La vendita partirebbe
dalle merci più a rischio deterioramento e sarebbe gestita da uno dei
custodi giudiziari-amministratori nominati tempo addietro dal gip di
Taranto, Patrizia Todisco. Le relative risorse, però, non andrebbero
all'Ilva ma sarebbero congelate in un deposito, essendo le merci
sequestrate soggette ad eventuale confisca.
Coils e lamiere
andrebbero o ai legittimi acquirenti o, qualora questi ultimi le
rifiutassero, a nuovi compratori. Prima di dar via a quest'operazione,
la Procura attende due riscontri tecnici: effettiva deteriorabilità
delle merci e reale valore commerciale (l'Ilva ha dichiarato un
miliardo). Nel caso specifico, a ordinare la vendita sarebbe lo stesso
gip Todisco, al quale ora spetta l'ultima parola sull'istanza di
dissequestro vincolato presentata martedì scorso dall'azienda. La
Procura, infatti, ha espresso un parere negativo e chiesto al gip di
sollevare anche un'eccezione di incostituzionalità in merito alle legge
231, ma al gip resta comunque il verdetto definitivo. Intravedere la
luce in fondo al tunnel rimane un'impresa. (Repubblica)
2 commenti:
Consiglio i miei ultimi due post. Soprattutto l'ultimo, che pur nella tecnicità, credo che dica a chi vuole intendere a chiare lettere...

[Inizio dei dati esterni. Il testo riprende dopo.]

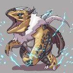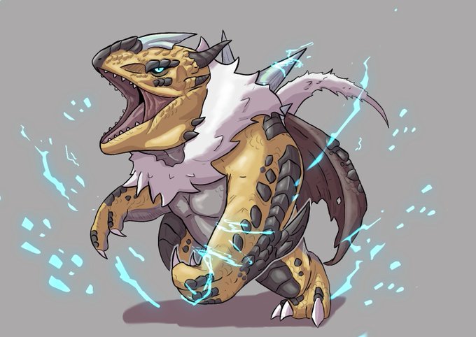 エレクト(リメイク) 体長5m 凶竜種 滅紫の洞窟に生息する中型の肉食モンスター。 頭部の角で電気を感知して獲物を探す。 体内に発電器官があり、噛まれると痺れて動けなくなってしまう。 #イラスト #うちの子モンスターバース

Non vi sarà dissequestro fino a sentenza della corte costituzionale, Sebastio l'ha detto chiaramente.
Svuoterebbe il giudizio, creando la possibilità di rifiutare l'istanza.
A presto.
Non abbiamo resistito a diffondere le riflessioni postate sul tuo blog! ovviamente in anteprima che rimanda al post originale!